WLSMV estimator: are results reliable when number of observations is too small to compute Gamma?

Łukasz Deryło

unread,

Jun 14, 2019, 7:19:00 AM6/14/19

to lavaan

I run CFA (confirmatory factor analysis) with WLSMV estimator (since my data are ordinal) in lavaanand I get the following warning message:

number of observations (190) too small to compute Gamma

Is this a problem with Gamma only and the rest is computed correctly? Can I proceed with results obtained with this warning? E.g. interpret estimates, p-values and fit indices in usual way?

Or maybe this affects somehow (how?) credibility of a whole CFA?

Terrence Jorgensen

unread,

Jun 17, 2019, 5:03:27 PM6/17/19

to lavaan

Can I proceed with results obtained with this warning?

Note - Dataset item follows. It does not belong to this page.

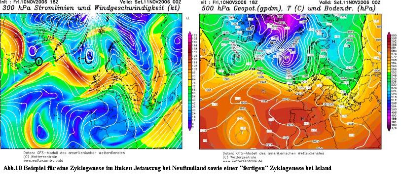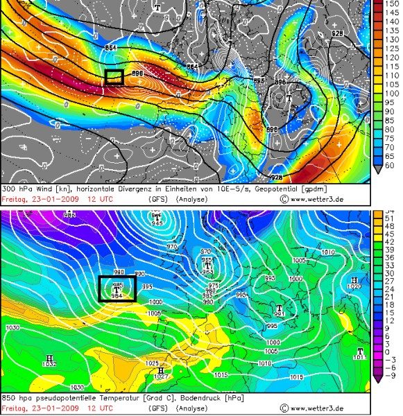 Der Tiefdruckkern liegt genau im Übergangsbereich des linken Jetauszugs zwischen sehr hohen Windgeschwindigkeiten (über 120kt) und geringeren Windgeschwindigkeiten (unter 80kt). Er befindet sich gleichzeitig auch im rechten Jeteinzug des Jets vor den Britischen Inseln. Das bedeutet kräftigen Hebungsantrieb von beiden Jets durch starke Höhendivergenz (angedeutet durch das große Plus-Zeichen). Das Tief verstärkte sich in der Folge zum Orkan über der Biskaya und richtete in Südfrankreich Schäden an.

"Can" and "should" are 2 different things. This estimator, and the corresponding robust corrections, require much larger N to stabilize and yield unbiased estimates/SEs and nominal error rates.

Terrence D. Jorgensen

Assistant Professor, Methods and Statistics

Research Institute for Child Development and Education, the University of Amsterdam

http://www.uva.nl/profile/t.d.jorgensen

Pavneet Kaur

unread,

Jun 24, 2019, 11:36:37 AM6/24/19

to lavaan

I am also working on CFA with ordinal variables from a scale of 0-3. I faced the same problem as Łukasz Deryło because my sample size is 199 (total is 227 but the rest cases have missing data).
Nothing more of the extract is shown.